##### DATASET CONTENT
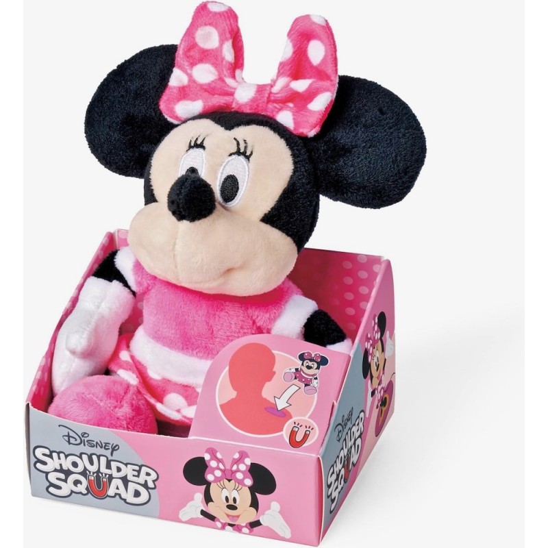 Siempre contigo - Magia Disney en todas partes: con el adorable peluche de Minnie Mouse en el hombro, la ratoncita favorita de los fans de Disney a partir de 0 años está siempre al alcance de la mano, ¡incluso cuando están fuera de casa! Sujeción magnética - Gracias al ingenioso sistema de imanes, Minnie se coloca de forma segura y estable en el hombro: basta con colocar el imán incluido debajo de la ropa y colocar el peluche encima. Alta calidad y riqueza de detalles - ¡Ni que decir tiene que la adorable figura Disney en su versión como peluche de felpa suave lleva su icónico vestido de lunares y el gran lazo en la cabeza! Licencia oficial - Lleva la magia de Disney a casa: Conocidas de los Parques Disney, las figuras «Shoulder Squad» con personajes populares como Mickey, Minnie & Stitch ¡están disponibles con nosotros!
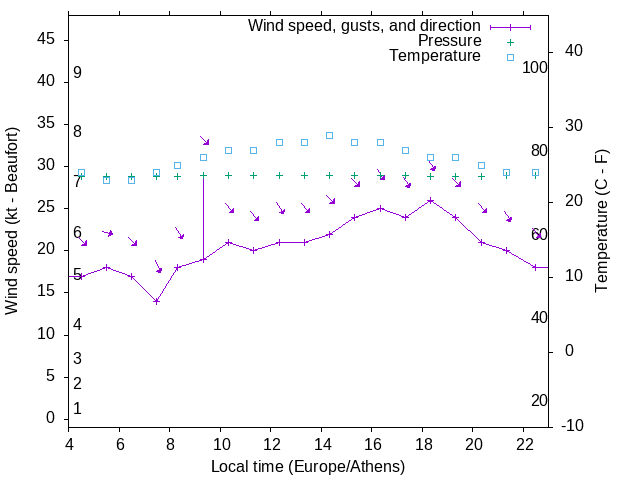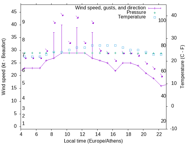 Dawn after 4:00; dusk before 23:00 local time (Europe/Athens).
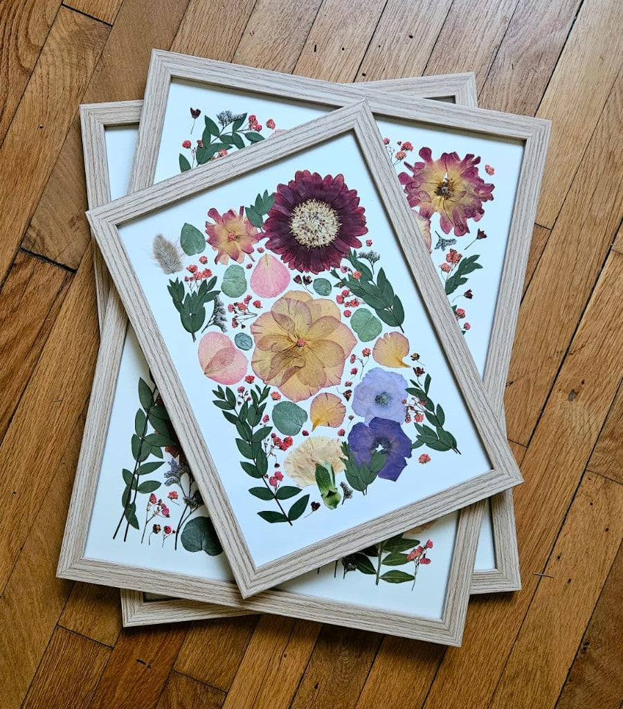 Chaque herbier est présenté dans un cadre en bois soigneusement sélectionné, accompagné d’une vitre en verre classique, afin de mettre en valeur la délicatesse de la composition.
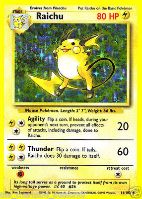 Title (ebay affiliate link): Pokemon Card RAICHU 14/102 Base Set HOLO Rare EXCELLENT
##########
Take the lines from the start of the listing above through the line with "Dawn after 4:00;", both ends included, and copy them exactly, leaving the pictures behind.

 Siempre contigo - Magia Disney en todas partes: con el adorable peluche de Minnie Mouse en el hombro, la ratoncita favorita de los fans de Disney a partir de 0 años está siempre al alcance de la mano, ¡incluso cuando están fuera de casa! Sujeción magnética - Gracias al ingenioso sistema de imanes, Minnie se coloca de forma segura y estable en el hombro: basta con colocar el imán incluido debajo de la ropa y colocar el peluche encima. Alta calidad y riqueza de detalles - ¡Ni que decir tiene que la adorable figura Disney en su versión como peluche de felpa suave lleva su icónico vestido de lunares y el gran lazo en la cabeza! Licencia oficial - Lleva la magia de Disney a casa: Conocidas de los Parques Disney, las figuras «Shoulder Squad» con personajes populares como Mickey, Minnie & Stitch ¡están disponibles con nosotros!
 Dawn after 4:00; dusk before 23:00 local time (Europe/Athens).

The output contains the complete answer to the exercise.